The problem

The usual ASCII string comparison is simple -

1. Normalize both strings by converting them to lower-case
2. Compare the strings

# ascii string comparison
def compare_ascii(str1: str, str2:str) ->bool:
    return str1.lower == str2.lower

On the other hand, unicode string comparison is much harder to do. The strings cannot always be normalized by simple uppercase/lowercase conversion. Eg - scripts that don't have the concept of uppercase/lowercase, but still have different representations for the same character.

Note : Unicode calls the written letters to be part of scripts. Not languages. Eg - The language Hindi is written in Devanagari script

Here is comparison of 2 different representations of the letter 'a' in different scripts:

print('a')=='𝒂'
>> False

So, how do you even tackle this problem?

What makes unicode string comparison hard?
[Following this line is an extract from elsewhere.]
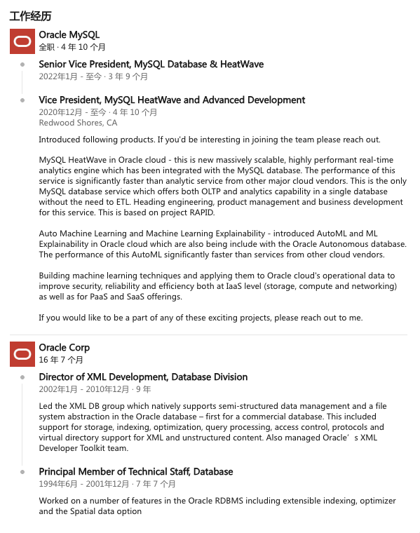 MySQL Heatwave 的负责人是尼彭·阿加瓦尔(Nipun Agarwal)。他的工作履历上显示,自2022年,MySQL团队和HeatWave团队就都已经在他的管辖范围内了。

The source of the problem is -

• Multiple representations of the same character in different scripts
• Multiple representations of the same logical characters in the same scripts

Multiple representations of the same character in different scripts

Example:

Here are the ways in which the letter 'a' can be written:

ａ 𝒂 ᵃ 𝘢 𝖆 ª 𝓪 𝚊 𝑎 𝗮 ₐ ⓐ 𝕒 𝖺 𝒶 𝙖 𝐚 𝔞

And when you compare these characters, the comparison will fail.

# compare `𝖺` and `ａ`
print('𝖺'=='ａ')
>> False

# compare lowercase representations
>>> print('𝖺'.lower()=='ａ'.lower())
False

Multiple representations of the same logical characters within a script

Example - In the German script 'ß' and 'SS' are equivalent. But, they cannot be directly compared.

'ß' == 'SS'
>> False

'ß'.lower() == 'SS'.lower()
>> False

So, to compare such strings, you need a smarter comparison system. The system should know which characters are logically equivalent. The python unicodedata module helps with this.

Solution

The solution has 2 steps:

1. Normalize the unicode strings
2. Make the normalized strings caseless
3. Compare the normalized & caseless strings

from unicodedata import normalize

def check_equality_unicode(str1: str, str2:str) -> bool:
    str1_normalized = normalize("NFKC",str1)
    str1_normalized_caseless = str1_normalized.casefold()

    str2_normalized = normalize("NFKC",str2)
    str2_normalized_caseless = str2_normalized.casefold()
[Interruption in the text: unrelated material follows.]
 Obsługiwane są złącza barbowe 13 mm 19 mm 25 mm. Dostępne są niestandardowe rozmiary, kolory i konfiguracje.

    return str1_normalized_caseless == str2_normalized_caseless

This function is universal - It works for both Unicode and ASCII strings.

"NFKC" used above is a normalization form. There are 4 standard unicode normalization forms, each with different behaviours. More on them later.

Test cases

There are 3 test cases that you can put into in your codebases:

1. check_equality_unicode('Σίσυφος', 'ΣΊΣΥΦΟΣ') should equate to True
2. check_equality_unicode('a', 'ａ') should equate to True
3. check_equality_unicode('abc', 'ABC') should equate to True

Normalization in depth

The 4 normalization forms

There are 4 normalization form available for unicode:

1. NFD - Normalization Form D - Characters undergo canonical decomposition
2. NFC - Normalization Form C - Characters undergo canonical decomposition, followed by canonical composition
3. NFKD - Normalization Form KD - Characters undergo compatibility decomposition
4. NFKC - Normalization Form KC - Characters undergo compatibility decomposition, followed by canonical composition

Legend to understand the naming scheme:

• NF = Normalization Form
• D = Decomposition
• C = Composition
• K = Compatibility

A table makes their differences clearer -

The decomposition can be canonical or compatible. But the re-composition is always canonical.
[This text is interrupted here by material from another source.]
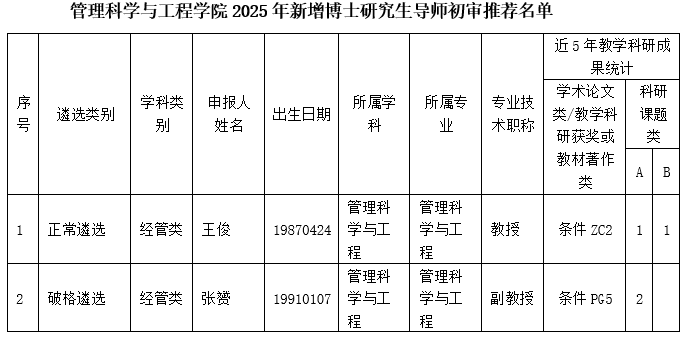 根据《成人网 研究生导师岗位管理办法(试行)》(西财大办〔2023〕19号)要求,经教师本人申请,学院工作人员初审,党政联席会议审查,成人网 学位评定分委会审核,现将本单位初审推荐的2025年新增博士研究生导师名单公示如下(见附件),公示期为2025年10月28日至2025年11月3日。如对公示结果有异议,可在公示期内反馈,联系人:陈老师,联系邮箱:[email protected]。

More details are available in unicode's documentation - unicode.org - Unicode Normalization Forms

Choosing a normalization form

Choice of normalization form depends on the application. The decision is made by answering by two questions:

1. Which decomposition does the application need - canonical or compatibility?
2. After the characters are decomposed, should the characters to be re-composed canonically?

Canonical vs compatibility decomposition

The compatibility decomposition is built over canonical decomposition, by putting in additional rules. The compatibility conversion transforms characters into their more common forms. This "simplification" using more common forms leads to some information loss. This is the reason why all canonical sequences are compatible, but all compatible sequences are not canonical.

Following is an example from the original unicode.org document.

Notice how the exponent 5 gets converted into a simpler integer 5 by the Compatibility Decomposition algorithms of NFKD and NFKC. This simplification causes information loss - when looking at the normalized string, there is no way to know if the 5 originally was an exponent 5 or a normal 5.

Information loss in normalization

Normalization causes information loss. Once a string is normalized, it cannot always be converted back to the original string.

Here's an example - Suppose an ASCII string "HelLO TheRE" is converted to lowercase - "hello there". During this operation, the information that told which characters are uppercase got lost. So now, the lowercase "hello there" cannot be reverted back to the original "HelLO TheRE".

A similar thing happens during unicode normalization. Once a string is normalized, it cannot always be converted back to the original form due to information loss.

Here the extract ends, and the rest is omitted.